Comincia a muoversi qualcosa anche a livello nazionale sul caso della morte di Luca Ventre, il 35enne italiano (di madre lucana, senisese) morto lo scorso 1 gennaio in circostanze a dir poco strane nell’ambasciata italiana a Montevideo. Già lo scorso 9 gennaio il fratello Fabrizio ci aveva spiegato quello che era accaduto, avvalorato anche dalle immagini della telecamera di sicurezza che oggi vi mostriamo. ‘’Luca entra alle 7 del mattino ora locale nell’ambasciata italiana. Suona ma non apre nessuno e così scavalca il cancello. Apprendiamo, successivamente, che era lì perché aveva paura, qualcuno forse lo inseguiva, si sentiva minacciato. Ci aveva accennato qualcosa nella sua ultima telefonata a fine dicembre ma, dal tono di voce, sinceramente, ci sembrava che tutto fosse sotto controllo. La mattina del 1 gennaio si reca in ambasciata per cercare protezione. Aveva con sé dei documenti. Nessuno gli dà udienza, lui sta per andarsene, cerca di scavalcare il cancello per uscire e un poliziotto lo raggiunge e lo tira giù. Secondo quanto dichiarato dalla polizia locale lui era agitato, si è rivoltato contro l’agente che, assieme ad un collega, lo ha bloccato fisicamente fino a che poi non lo hanno portato al pronto soccorso dove, sempre a causa dell’eccessiva agitazione di Luca, gli sarebbe stato iniettato un calmante che, invece, ne avrebbe causato l’arresto cardiaco’’.
Questa la prima versione ufficiale. Il padre di Luca viene a sapere che il figlio è ferito e in ospedale dopo circa 7 ore dall’accaduto. Ma non è né l’ambasciata, né la polizia a comunicarglielo: è una telefonata anonima partita da una scheda che risulta inattiva subito dopo.
Quando il padre arriva in ospedale Luca non è ferito ma è morto. Secondo un medico con cui la famiglia ha parlato alle 8.00, quando c’è il cambio turno in ospedale, al suo arrivo in reparto Luca era già morto. Ora si attende l’esito dell’autopsia.
Ma, ripetiamo, sono le immagini della videocamera e gli orari della stessa a parlare.
Alle 7.08 Luca è a terra, la cartella con i documenti è pochi centimetri più in là, due persone lo tengono fermo, un poliziotto e un’ altra persona, che ha visibilmente in mano un’arma e parla al telefono.

Quest’ultimo, pochi secondi dopo, apre la cartella che contiene i documenti di Luca, mentre lui è ancora a terra. Resta lì, con la faccia a terra e un poliziotto su di lui. Nei secondi successivi arriverà anche l’altra persona.
Alle 7.33 si apre il cancello. Luca è sempre a terra, sembra non muoversi.
Alle 7.44 viene trasportato fuori a peso morto.

‘’La polizia dice che è arrivato in ospedale alle 7.47- continua Fabrizio- per un percorso che, anche andando veloci, necessita almeno di 7 o 10 minuti di tempo’’.
“Quando la polizia ha detto che Luca era eccessivamente agitato abbiamo cominciato a capire che qualcosa non tornava. E sono i fotogrammi della telecamera a dirlo- continua Fabrizio- perché si vedeva che mio fratello non stava opponendo resistenza e che, soprattutto, non ha attraversato quel cancello con le sue gambe’’.

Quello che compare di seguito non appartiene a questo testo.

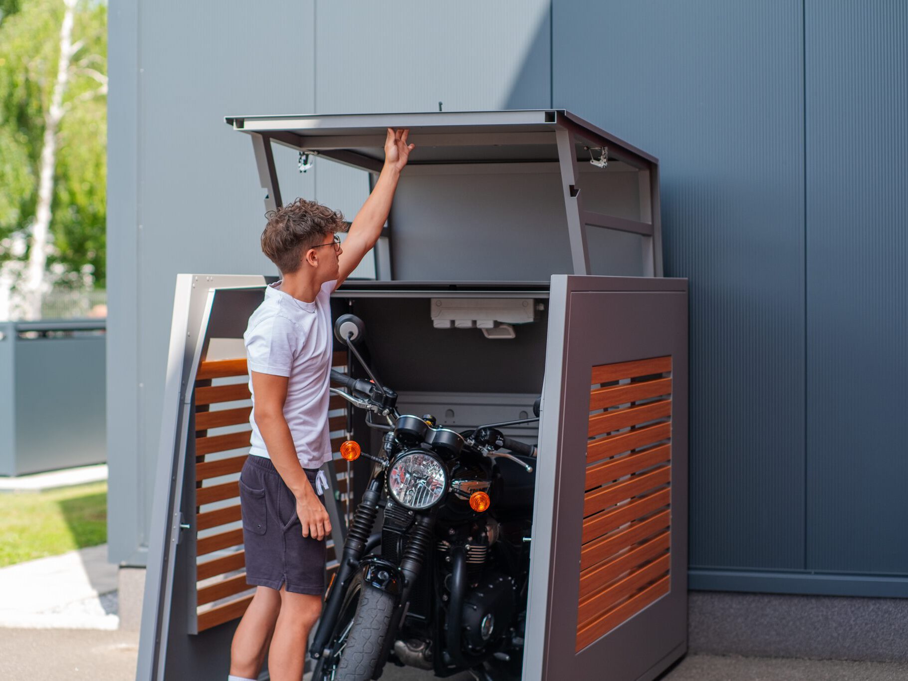 Kolesarnica StyleOUT® BikeBOX je zasnovana tako, da lahko vanjo shranite tako kolesa kot majhna motorna kolesa, zato je vsestransko uporabna za različne vrste vozil.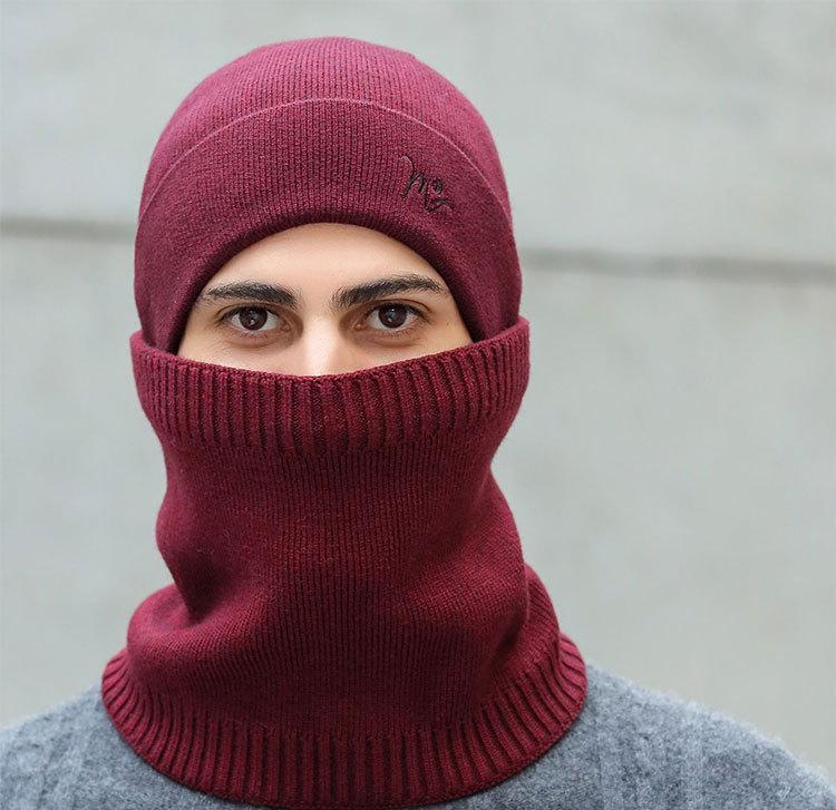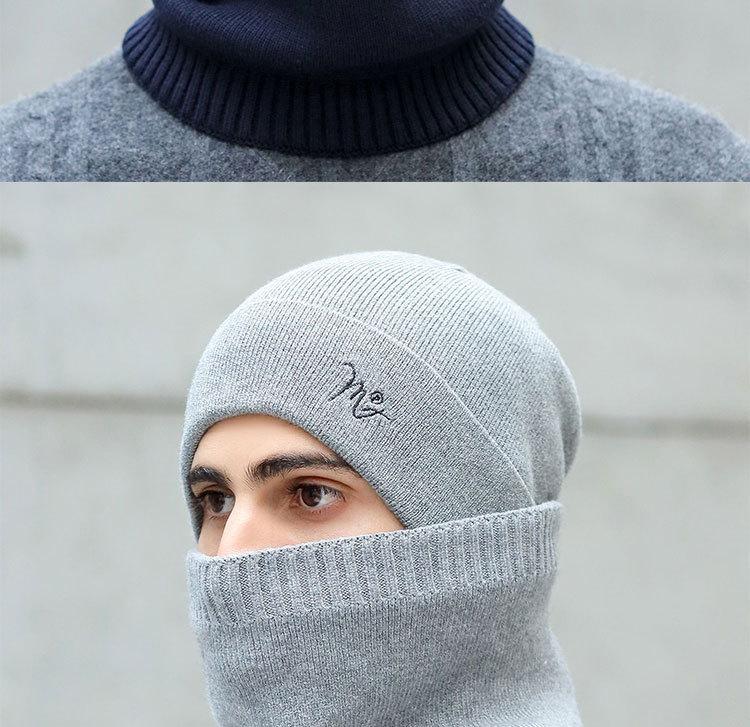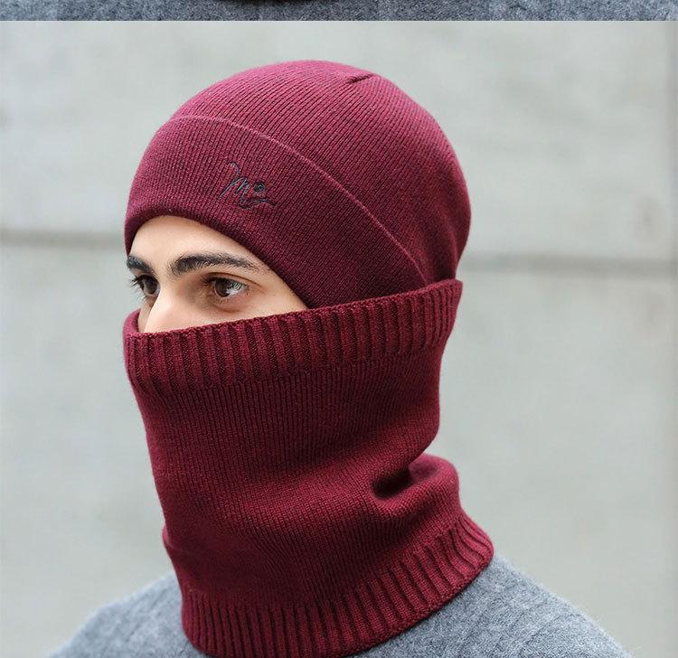 Directo de fábrica 2020 nuevo gorro de lana tejido para hombre invierno más terciopelo acolchado gorro cálido conjunto de dos piezas

Come ci eravamo chiesti nel primo articolo del nove gennaio, sono molti i punti oscuri su questa vicenda. E sono tutti punti interrogativi.
Luca è morto in ospedale, come ha detto la polizia? Perché il medico dice alla famiglia che Luca era già morto nel suo cambio turno, alle 8? E se dai video si vede benissimo che aveva perso i sensi già all’interno dell’ambasciata, perché la polizia ha detto che si era eccessivamente agitato?
Perché nessuno ha comunicato ufficialmente alla famiglia che Luca era stato trasportato in ospedale?
Da chi stava scappando Luca? Perché, alle 7 del mattino del 1 gennaio, si è catapultato in ambasciata per chiedere aiuto?